The goat is called Zilpah! She’s milked by a Jewish guy — called Eitan. He makes cheese, very simply. Kosher rennet — hechshered kosher rennet. And gives it to me, who eats it. I know the goat, and the guy who made the cheese, and what went in it - how often is that true of the cheese you eat?

And then I went to a great session Arlin Wasserman did — “What’s In A Symbol?” - all about this stuff. The kosher market in the US is now $140 billion a year — hot dogs alone, $30bn. People choose it, according to his data, 35% on taste, 16% because they like the guidelines, 5% because it’s safe or healthier, 8% because they’re observant, 4% because they can’t get halal, and 8% because they’re veggie or for other reasons.

Well: I want the market to be $140,000,001,000 — because I think we should buy $1,000 of Eitan’s cheese this year — at least — and I want someone to be able to certify in a really simple way that it’s kosher…

– The Jew

The Jew & The Carrot: Introducing The Jew…

What is it to be a Jew these days, and not have a little guilt, or a little dilemma, or a little identity crisis? We have an amazing 3000 year old history. We live in all places of the world. We’re strugling with a tradition that is at times grounding, liberating, shackling, horribly out of date, incredibly meaningful and powerful.
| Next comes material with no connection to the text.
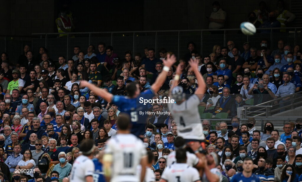 25 September 2021; Leinster supporters look on during the United Rugby Championship match between Leinster and Vodacom Bulls at the Aviva Stadium in Dublin. Photo by Harry Murphy/Sportsfile

Writing as The Jew on this blog, is essentially a conversation between tradition and post-modernity.

So — let me tell you about dinner. This evening we ate amazing food — starting off with pumpkin snacks, grown here by the Adamahniks; and lasagne and kale and salad for dinner — and writing it simply doesn’t let you know how great it was. And then bensching — introduced by Rabbi Beccy Joseph, and Tali Weinberg, the farm manager here at Freedman. How often do you get to bless the food you’ve eaten with a rabbi and a farmer — and Beccy introduced bensching, but Tali actually led it. An amazing sense of kavannah, of shleimut, of coming home.

There are three interwoven conversations — at least three! — that thread through this conference, and this blog. One is “the wandering Jew” — all the countries we’ve traveled through, all the foods, all the traditions. Different recipes for charoset — from Yemen, Egypt, Venice - America today. All the history, all the recipe books. Bagels, chopped liver.
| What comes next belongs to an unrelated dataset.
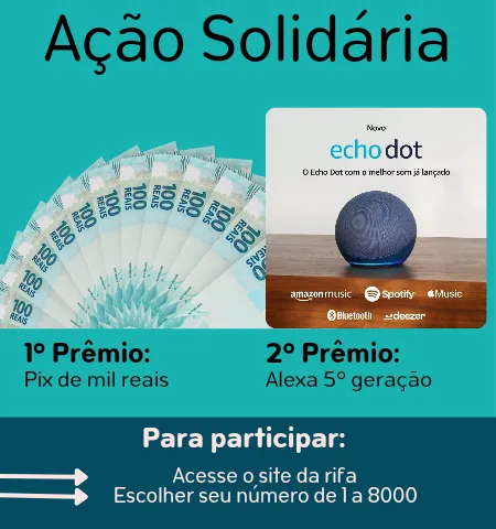 2. O primeiro prêmio da Rifa será R$1000,00 no PIX e no segundo prêmio será uma Alexa 5ª Geração.

The second is the land of Israel. That we arose as an indiginous people, in relation to land and place — and food. The sheva minim — the seven indiginous species that grow in Israel; named in the Torah — and in May this year a bunch of Jews (and Palestinians and Jordanians, both Moslem and Christian) cycled from Jerusalem to Ashkelon — and in that one day, we passed all seven species growing. What’s our relationship to Israel — especially if we don’t live there?

And the third is the contemporary conversation about where food comes from, and local food, and eating sustainably. Omnivore’s Dilemma; Fast Food Nation; Wendell Berry; Chez Panisse.

And here’s where The Jew is at: how do these three conversations fit together? How do they shed light on each other? What happens if eating local is a key value - how then do you eat traditional Jewish food? Or vice versa?

What if you eat kosher meat — and it’s a value to eat grass-feed beef, like at Polyface Farm? I know of two couples who in the last year switched from eating kosher meat, even if not organic, to organic meat, even if not kosher? (We’ll introduce them to Simon Feil, who’s here, who wants to create grass-fed kosher organic beef).